In America every year, more than 6,000 men, women and children are killed in fires, of which 78.3 percent are in residential fires. That is a lot of lives lost because the (victims) couldn't afford to have more "bureaucratic things." as (Pugel's) group states.
Records indicate that in the last 29 years of residential sprinklers use, not one fatality has occurred in a home with a properly operating sprinkler system.
The cost to the public for these nonsprinkler (equipped) house fires is staggering. The cost of putting out the fires and the cost of personnel to fight fires is rising.
The fire department (is at greater risk) has to risk when a (burning) home (is not equipped with sprinklers). Also, in the Payson area, homes are getting bigger and bigger. It is not hard to find homes the size of most commercial buildings anymore, with many being more than 8,000 square feet.

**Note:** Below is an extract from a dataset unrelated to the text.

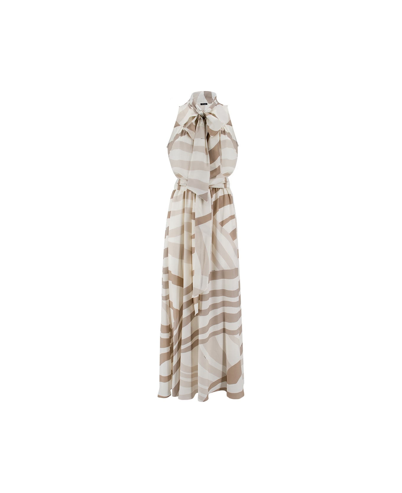 Elegant and sophisticated, the long armhole dress is made of precious silk with a contrasting pattern. The garment is entirely cut and sewn in Naples by Kiton's master craftsmen. The dress features an elastic waist emphasised by the decorative ornament of the matching silk sash and is embellished by the ribbon on the neck. Composition: 100% SE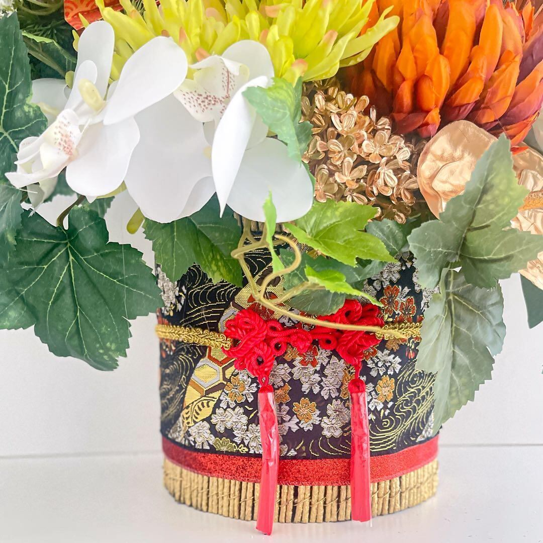 和柄の帯が施された重厚感のある花器が全体を引き締め、ご自宅の床の間や玄関はもちろん、店舗・オフィス・施設・式典会場・マンションエントランスなど、

The home which burned Thursday was approximately 1,400 square feet in size. Due to the amount of fire and debris from the fire, it took three of us firefighters almost 15 minutes after entry to locate the first victim. They only had minutes to get out of the fire. That's what residential sprinklers are designed to give (us): time to get out.
How long would it have taken to get out of this home if it had been a 3,000 square foot home? Would we have made it out alive? Should we be risking our lives because some people don't want to pay to protect themselves? Where is the tradeoff here?
The builders say that this amendment is cost prohibitive. The average cost of a home over 3,000 sq. ft. in this area is (more than) $125 dollars per sq. ft. The average cost of adding a sprinkler system is less then $1.25 per square foot, or one percent. You can spend more to upgrade carpet than that.
This seems like a small amount to pay to help protect your life and that of loved ones. Who knows? Your grandchildren may decide to visit you next week. Is it worth $1.25 per square foot (to possibly save their lives)?
We hope to never see another tragedy like what happened Thursday night, but reality says we will. Please help to eliminate what we can of this problem. (Let's) not continue to add to it by turning back the pages of time and going against the Uniform Fire Code and its amendments.
Yes, these large houses are not the kind that burn. And the Titanic is unsinkable.